Raw data
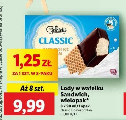 Ile kosztuje Lody sandwich classic Gelatelli?
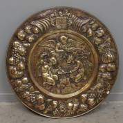 Grote koperen sierschotel met familiewapen en putti die Amor's liefdespijlen smeden, Ø 75 cm
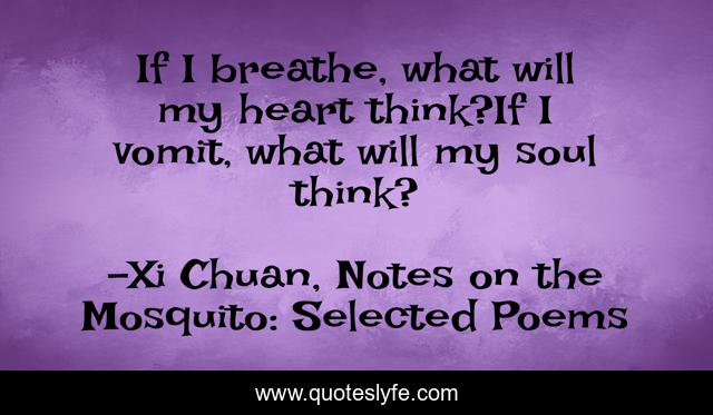 This page presents the quote "If I breathe, what will my heart think?If I vomit, what will my soul think?". Author of this quote is Xi Chuan, Notes on the Mosquito: Selected Poems. This quote is about heart, philosophical, soul, xi-chuan,.
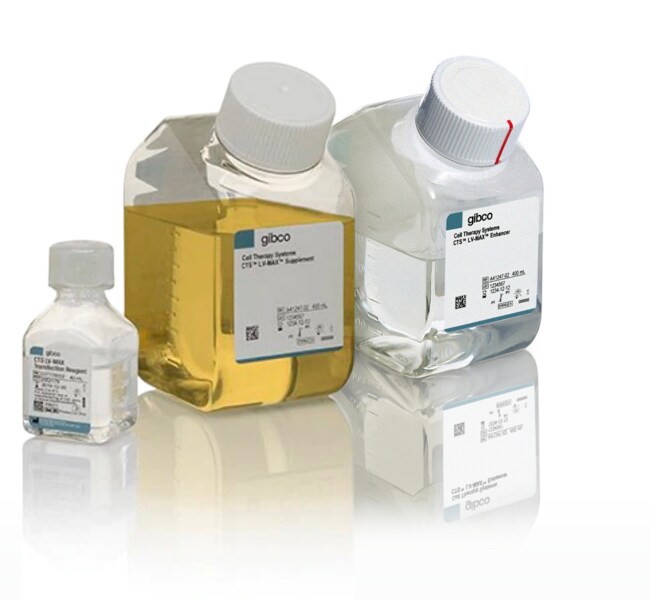The CTS LV-MAX lentivirus production system is a fully-optimized complete system in which the cells, media, and transfection reagent work together to generate high-titer lentivirus. The CTS LV-MAX Production Medium is specifically designed to work with the system, to support high density suspension cell growth of CTS Viral Production Cells.

What needs to be done
An exact copy is needed of the lines from the start of the listing through the line with "Grote koperen sierschotel", both end lines included and pictures excluded.

Expected output
 Ile kosztuje Lody sandwich classic Gelatelli?
 Grote koperen sierschotel met familiewapen en putti die Amor's liefdespijlen smeden, Ø 75 cm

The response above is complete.